A Perfect Crime, a new four-part documentary series on Netflix about the 1991 assassination of German politician Detlev Rohwedder, surprisingly offers critical viewpoints about German reunification.
October 3 marked the 30th anniversary of the reunification of the former German Democratic Republic (East Germany) and the Federal Republic of Germany (West Germany). While German reunification is recognized as one of the major events that marked the end of the Cold War, many East Germans were opposed to what they considered the annexation of their country by the West. In A Perfect Crime, we hear some of those dissenting voices and discover why reunification was catastrophic for many East Germans.
Rohwedder was chairman of the Treuhandanstalt (“Trust Agency”), the government agency that oversaw the denationalization and privatization of East Germany’s state industries in the months leading to reunification. The beneficiaries of this process were West German capitalists, while millions of East Germans abruptly and permanently lost their jobs. Masses of unemployed East Germans regularly protested in front of the Treuhandanstalt headquarters in Berlin, where Rohwedder and his colleagues sold off East German firms with no concern about the dire consequences for workers, their families, and communities.
On the evening of April 1, 1991, Rohwedder was fatally shot as he stood near the window of his home library in an exclusive neighborhood of Düsseldorf, a city in West Germany. Evidence found at the scene implicated the Red Army Faction (often called the Baader-Meinhof Group), a West German militant anti-capitalist group founded in the early 1970s. But Rohwedder’s killing has been likened to the assassination of John F. Kennedy, as many unanswered questions about the official version of events remain to this day.

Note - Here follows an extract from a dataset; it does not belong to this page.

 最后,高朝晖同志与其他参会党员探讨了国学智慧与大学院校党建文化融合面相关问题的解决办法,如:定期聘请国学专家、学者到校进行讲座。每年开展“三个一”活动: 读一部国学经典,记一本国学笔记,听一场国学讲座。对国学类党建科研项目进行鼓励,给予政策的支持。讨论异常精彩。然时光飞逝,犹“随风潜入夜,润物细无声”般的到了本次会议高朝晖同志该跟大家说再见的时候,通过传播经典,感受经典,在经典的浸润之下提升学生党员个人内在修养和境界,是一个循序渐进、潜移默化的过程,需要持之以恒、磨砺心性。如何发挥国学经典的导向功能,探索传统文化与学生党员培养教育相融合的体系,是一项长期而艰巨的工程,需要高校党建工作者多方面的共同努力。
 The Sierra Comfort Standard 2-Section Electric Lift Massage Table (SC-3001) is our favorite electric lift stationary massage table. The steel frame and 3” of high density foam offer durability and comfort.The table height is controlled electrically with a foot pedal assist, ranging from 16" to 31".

While A Perfect Crime focuses on Rohwedder’s assassination, it also offers insights into life in the former GDR and the realities of reunification for many East Germans. Unlike most shows about East Germany on Netflix and other streaming sites, which either depict its citizens as constantly spying on each other or always trying to “escape” to the West (most notoriously, the film The Lives of Others), the East Germans we meet in A Perfect Crime were proud of their nation’s achievements, wanted to reform (and not dismantle) its socialist system, and opposed reunification.
The first episode (“Martyr”) introduces viewers to Rohwedder and the work of the Treuhandanstalt. The subsequent episodes each explore a different theory about who may have been responsible for killing Rohwedder: the Red Army Faction (Episode 2, “Capitalist”); former agents of the East German Ministry for State Security, popularly known as the “Stasi” (Episode 3, “Occupier”); or mercenaries hired by the West German government itself (Episode 4, “Victim”). It is up to viewers to decide which theory sounds most plausible.

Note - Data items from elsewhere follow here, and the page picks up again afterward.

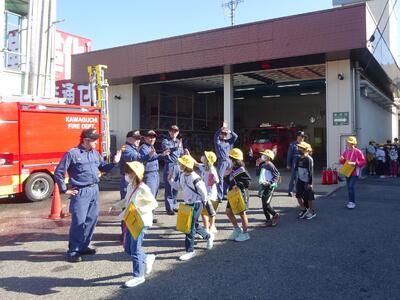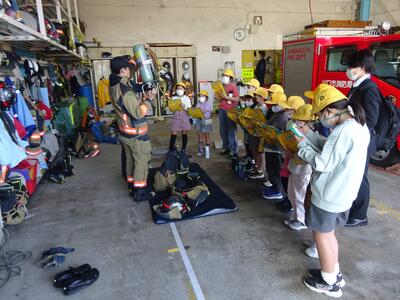 3年生が社会科の学習の一環で、地域にある消防署を見学してきました。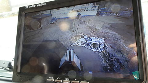 | ミラーによる後方視界の確認と改善です。左写真のモニターのほぼ中央に映っている、右端のの車が、真っ直ぐ後方にある車です。モニターでは広角レンズなのでとても小さくしか見えません。 |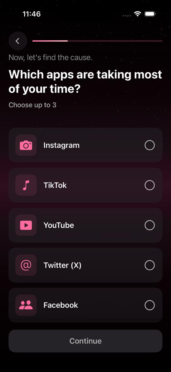 Select Instagram, TikTok, or other apps and websites you want to pause. Gentle accountability—just a moment of care before you scroll.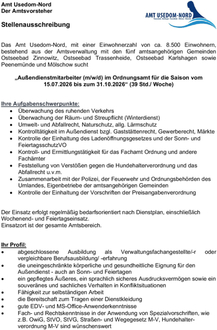 „Außendienstmitarbeiter (m/w/d) im Ordnungsamt für die Saison vom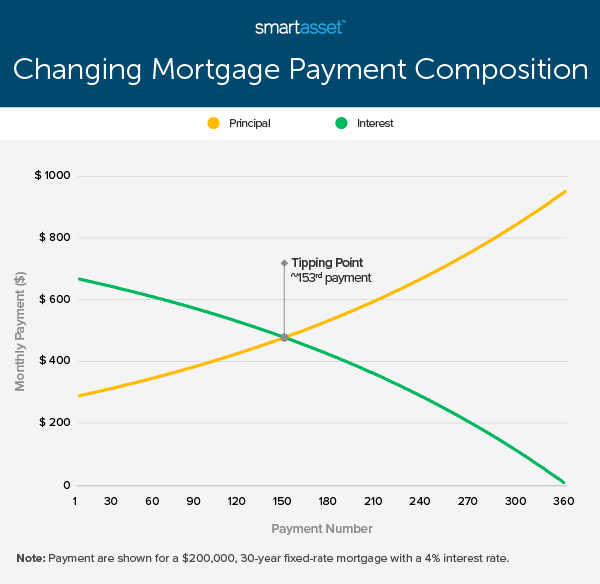 In the example above, the tipping point is about 13 years; only on the 153rd payment will more of the monthly payment go toward the principal than interest. We can see how the composition of mortgage payments changes over time for a $200,000 30-year fixed-rate mortgage with a 4% interest rate in the chart below.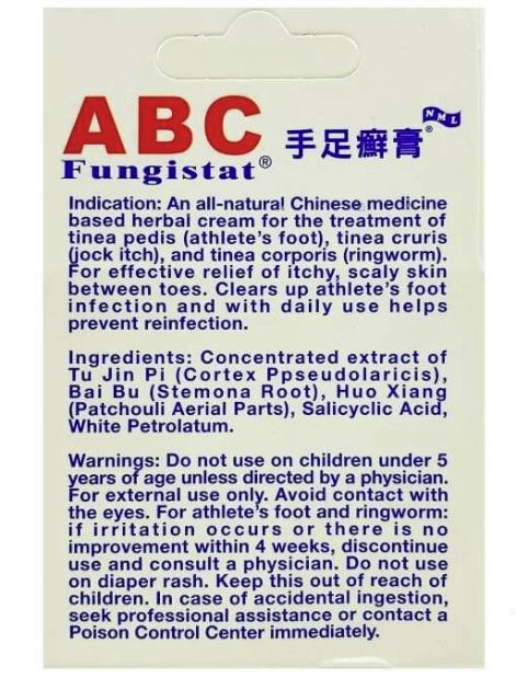 ABC手足癣 膏为强效之抗霉菌药。对足癣 (香港脚),手癣 , 股癣,体癣,均效果卓著。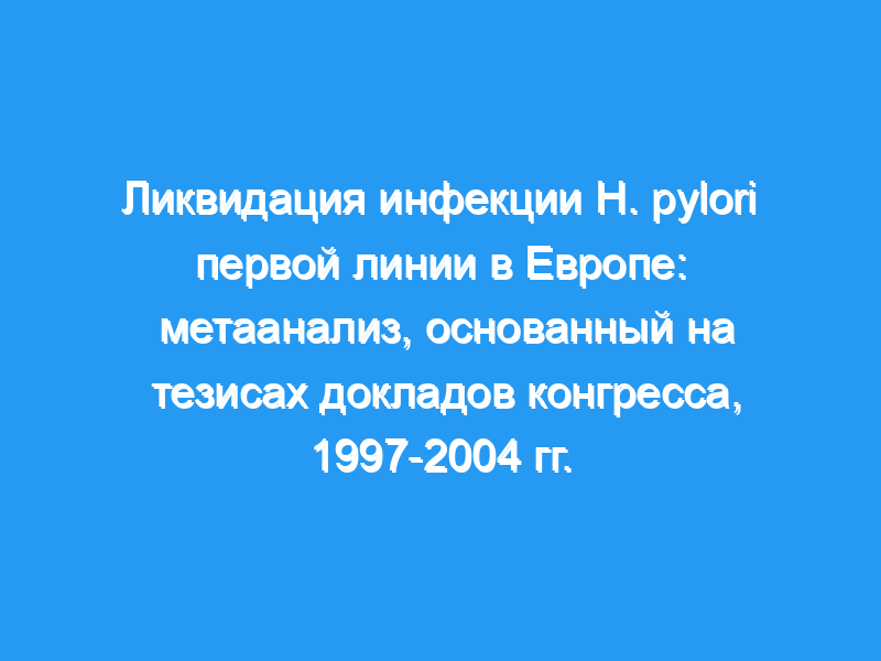 Тройная терапия на основе PPI/RBC достигла сопоставимых результатов с результатами метаанализов. Антагонисты H(2)-рецепторов и двойные комбинации на основе PPI были менее эффективными. Тройной и четырехкратный режимы были одинаково эффективны. Схемы, содержащие кларитромицин + амоксициллин или нитроимидазол, были более эффективными, чем комбинации амоксициллин + нитроимидазол. Высококачественные тезисы докладов конгресса представляют собой ценный источник данных, пригодный для метааналитической обработки.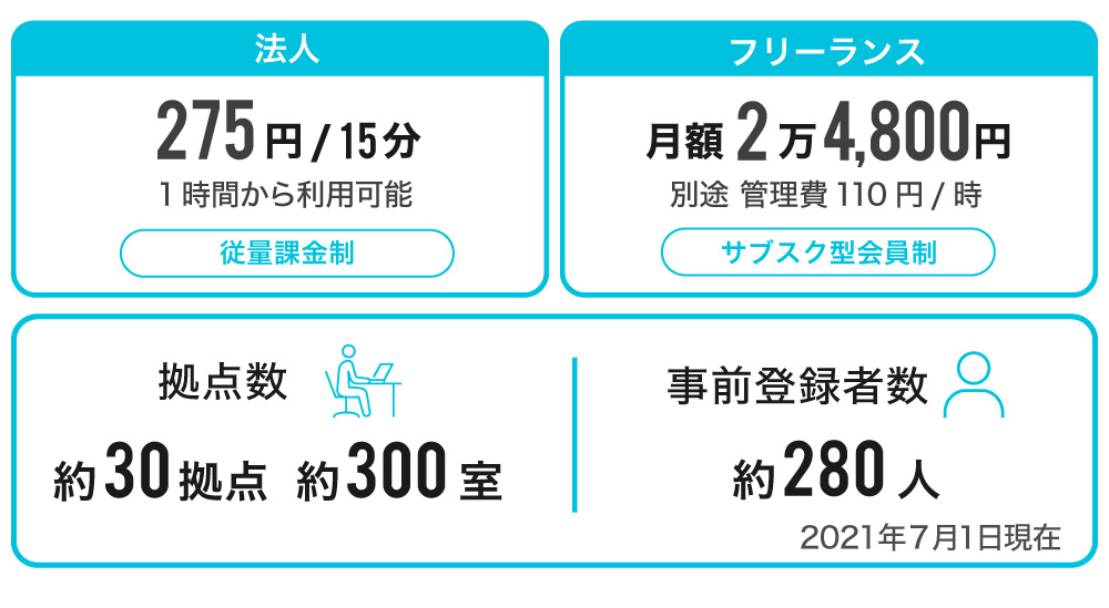 フリーランス向けには、月額サブスクリプションプラン(以下、サブスク)、法人向けには従量課金プランの「テレスペセカンドハウス」を2021年4月に発表しました。プレスリリースを1枚出しただけの報告でしたが、SNSを中心に話題を集め、口コミだけで280人以上の事前登録が確保できました。

In each episode, we hear from East Germans who were directly involved in the reunification process or negatively impacted by it. In dramatic news footage from the time, we see unemployed East German workers, distraught and in tears, contemplating suicide. One woman proclaims, “We’ve never been screwed like this before!” Indeed, Peter-Michael Diestel, the last Interior Minister of the GDR, laments, “Many people were just fired and got no recognition for their life’s work.”
One of those people was Lt. Col. Eberhard Böttcher, who rose through the ranks of the East German Ministry of State Security. In A Perfect Crime, he explains, “My sole reason for joining the Stasi was my deep wish to prevent yet another war.” When West German security agencies took over the East and all Stasi employees lost their jobs and were demonized by the capitalist media, “My world came crashing down,” Böttcher says. After reunification, numerous former Stasi agents were employed as private security guards by West German capitalists.
Many East Germans were proud of their history of resistance to Nazism and several interviewees in the series highlight the political differences between the two Germanys. Kurt Hillmann, a Jewish official in East Germany’s Ministry of Foreign Trade, states, “The GDR was an anti-fascist state and that made it the better Germany.”
In A Perfect Crime, we learn that not all East Germans were longing for capitalism and unity with West Germany but rather wanted to protect, reform, and strengthen East German socialism. Beyond the individual voices, such as those quoted above, the series features footage of the “Monday protests,” the mass demonstrations during 1991, when tens of thousands of East Germans called for the resignation of German Chancellor Helmut Kohl, the architect of reunification, and new elections. Kohl dismissed their demands as “absurd,” and East Germans got their first taste of so-called western democracy.
A gripping true-crime story, “A Perfect Crime” is entertaining and informative as it sheds light on a tumultuous and complex period in recent German history.